# Raw data
--- START ---
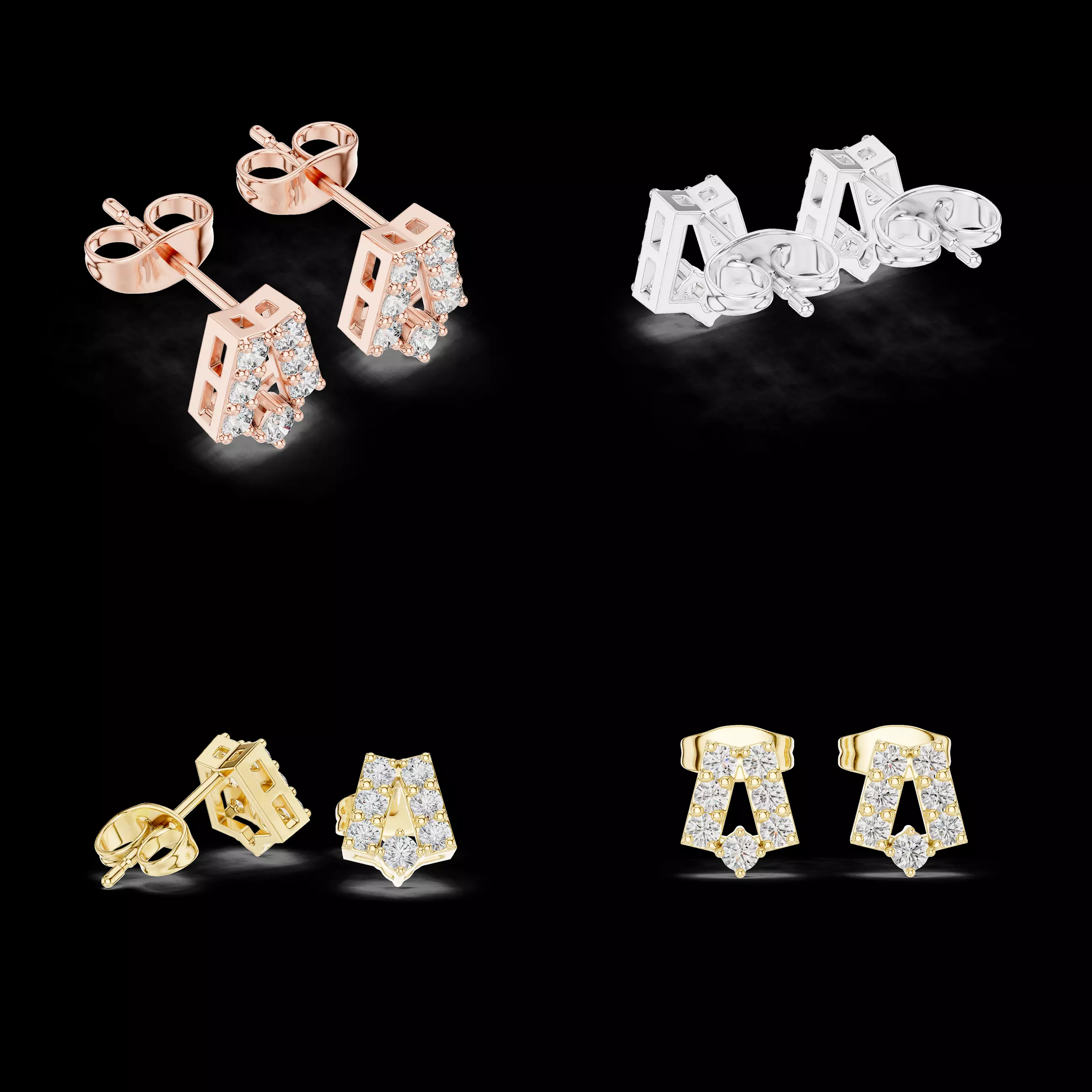 This luxury architectural diamond stud earrings 3D model is designed for professional jewelry designers and manufacturers who prefer bold geometry combined with refined elegance. The design features a structured open-frame form enriched with a multi-stone cluster, creating a premium contemporary aesthetic suitable for modern fine jewelry collections.
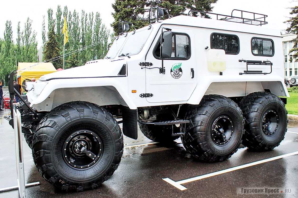 Бигфуты компании ООО «НПО ТРЭКОЛ» из Люберец как-то даже язык не поворачивается назвать джипами, настолько они огромны. Габаритные размеры флагмана «Трэкол-39294» подстать грузовику – 5610х2540х2680 мм. Благодаря кузову из стеклопластика 6-колёсные вездеходы весят не так уж и много – всего 2,8 т. Шестиместный пассажирский отсек с сиденьями вдоль бортов раскладывается в диван. Машина рассчитана на транспортировку 700 кг груза по твёрдой поверхности, тогда как на плаву она снижается до 400 кг. На выбор предложено два двигателя: 130-сильный бензиновый ЗМЗ-406.20F и турбодизель Hyundai D4BF мощностью 83 л.с.
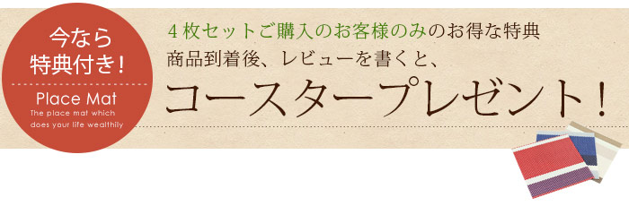 今なら4枚セットご購入のお客様に限り、レビューを書けばコースタープレゼントの
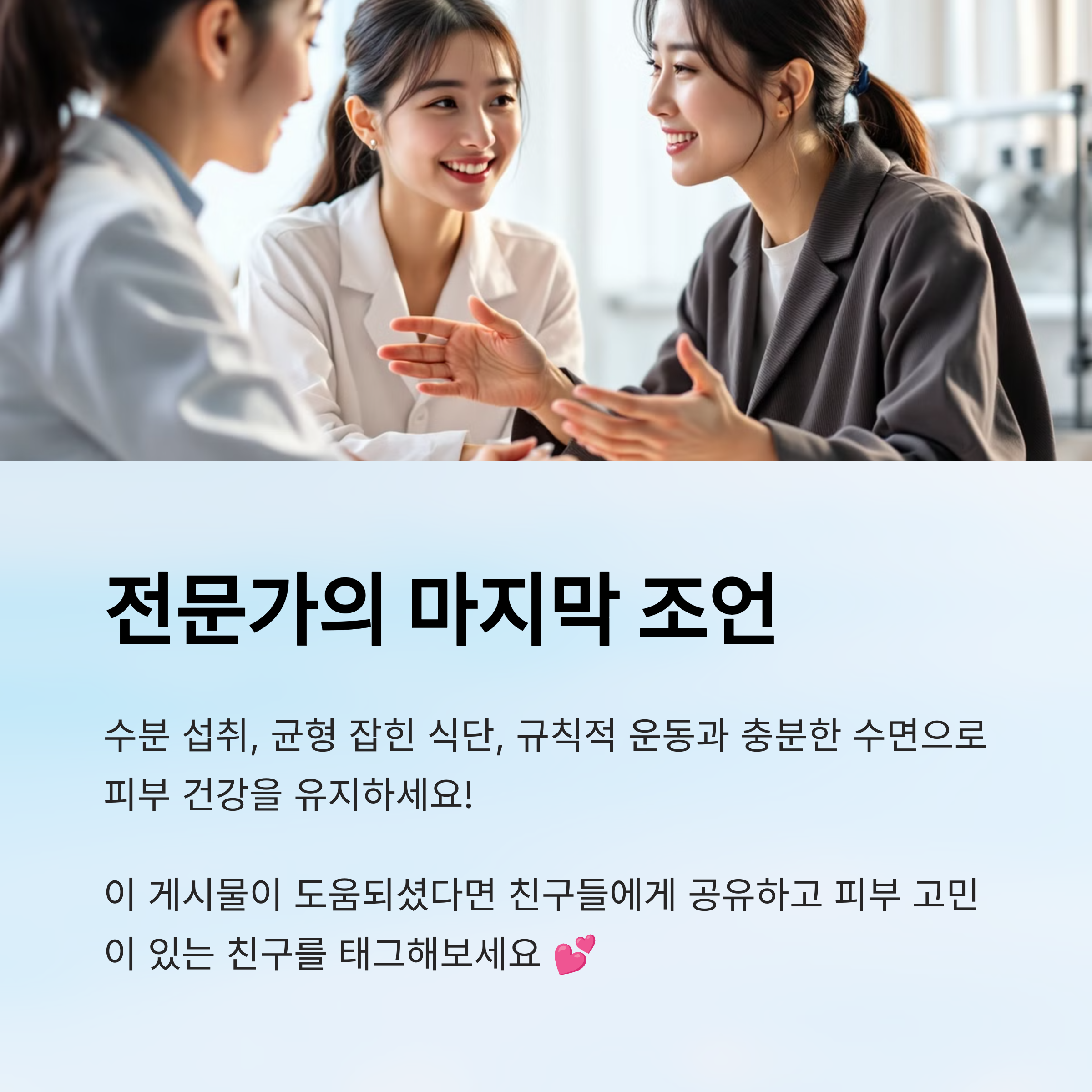 피부과 전문의와 뷰티 전문가들이 공통적으로 강조하는 건 “꾸준함과 피부 이해”예요. 피부는 하루아침에 좋아지지 않기 때문에 루틴의 일관성이 정말 중요하죠.
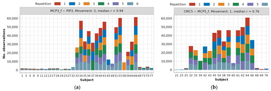 Examining Figure 2 further, it is evident that in the case of certain subjects (e.g., subjects 14 and 38), a notable portion of the data was eliminated during earlier preprocessing stages. Additionally, due to the same reason, subjects 1–15 will have minimal impact on little-digit joint dependency modeling. To minimize the effect of unbalanced data and retain variability and generalization ability, it is therefore decided that dependencies will be observed on a repetition level, and each subject repetition will be used as a self-sufficient unit for data analyses.
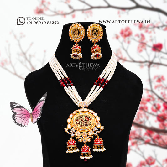 Regal Alekhya Thewa Art Necklace Set with Jhumki - A Majestic Statement of Opulence
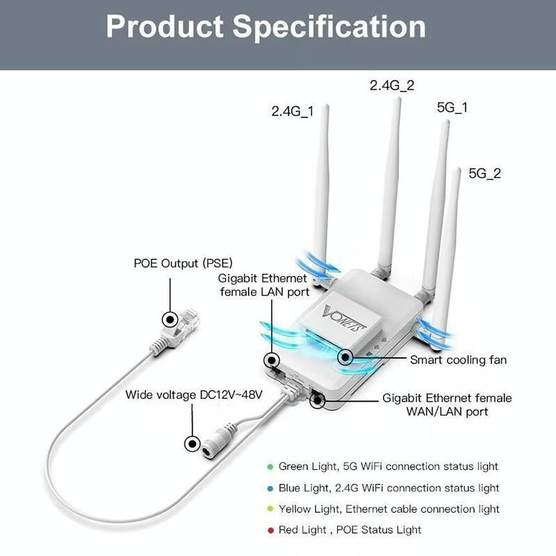 2. Wireless transmission rate: 300Mbps (2.4G) + 900Mbps (5G)
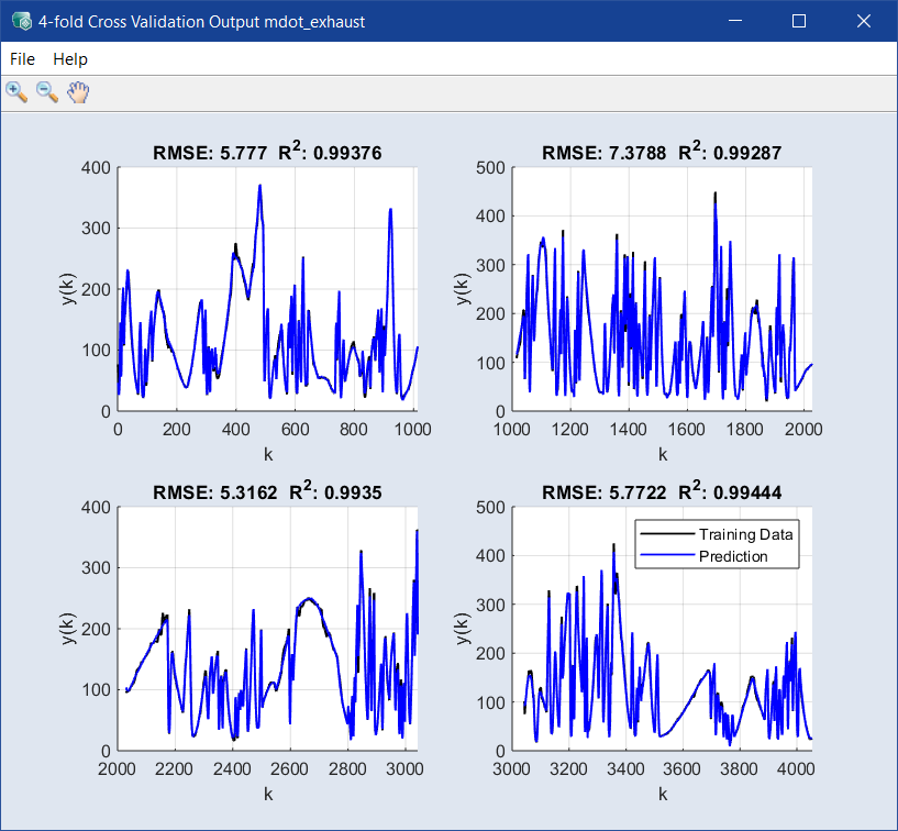 For each output, n plots are displayed. Each plot is the result of an individual model training on n-1 data sets and the prediction on the data set not used for modeling.
--- END ---
# Assignment
Reproduce the records in full and leave the images behind.

# Task result
 This luxury architectural diamond stud earrings 3D model is designed for professional jewelry designers and manufacturers who prefer bold geometry combined with refined elegance. The design features a structured open-frame form enriched with a multi-stone cluster, creating a premium contemporary aesthetic suitable for modern fine jewelry collections.
 Бигфуты компании ООО «НПО ТРЭКОЛ» из Люберец как-то даже язык не поворачивается назвать джипами, настолько они огромны. Габаритные размеры флагмана «Трэкол-39294» подстать грузовику – 5610х2540х2680 мм. Благодаря кузову из стеклопластика 6-колёсные вездеходы весят не так уж и много – всего 2,8 т. Шестиместный пассажирский отсек с сиденьями вдоль бортов раскладывается в диван. Машина рассчитана на транспортировку 700 кг груза по твёрдой поверхности, тогда как на плаву она снижается до 400 кг. На выбор предложено два двигателя: 130-сильный бензиновый ЗМЗ-406.20F и турбодизель Hyundai D4BF мощностью 83 л.с.
 今なら4枚セットご購入のお客様に限り、レビューを書けばコースタープレゼントの
 피부과 전문의와 뷰티 전문가들이 공통적으로 강조하는 건 “꾸준함과 피부 이해”예요. 피부는 하루아침에 좋아지지 않기 때문에 루틴의 일관성이 정말 중요하죠.
 Examining Figure 2 further, it is evident that in the case of certain subjects (e.g., subjects 14 and 38), a notable portion of the data was eliminated during earlier preprocessing stages. Additionally, due to the same reason, subjects 1–15 will have minimal impact on little-digit joint dependency modeling. To minimize the effect of unbalanced data and retain variability and generalization ability, it is therefore decided that dependencies will be observed on a repetition level, and each subject repetition will be used as a self-sufficient unit for data analyses.
 Regal Alekhya Thewa Art Necklace Set with Jhumki - A Majestic Statement of Opulence
 2. Wireless transmission rate: 300Mbps (2.4G) + 900Mbps (5G)
 For each output, n plots are displayed. Each plot is the result of an individual model training on n-1 data sets and the prediction on the data set not used for modeling.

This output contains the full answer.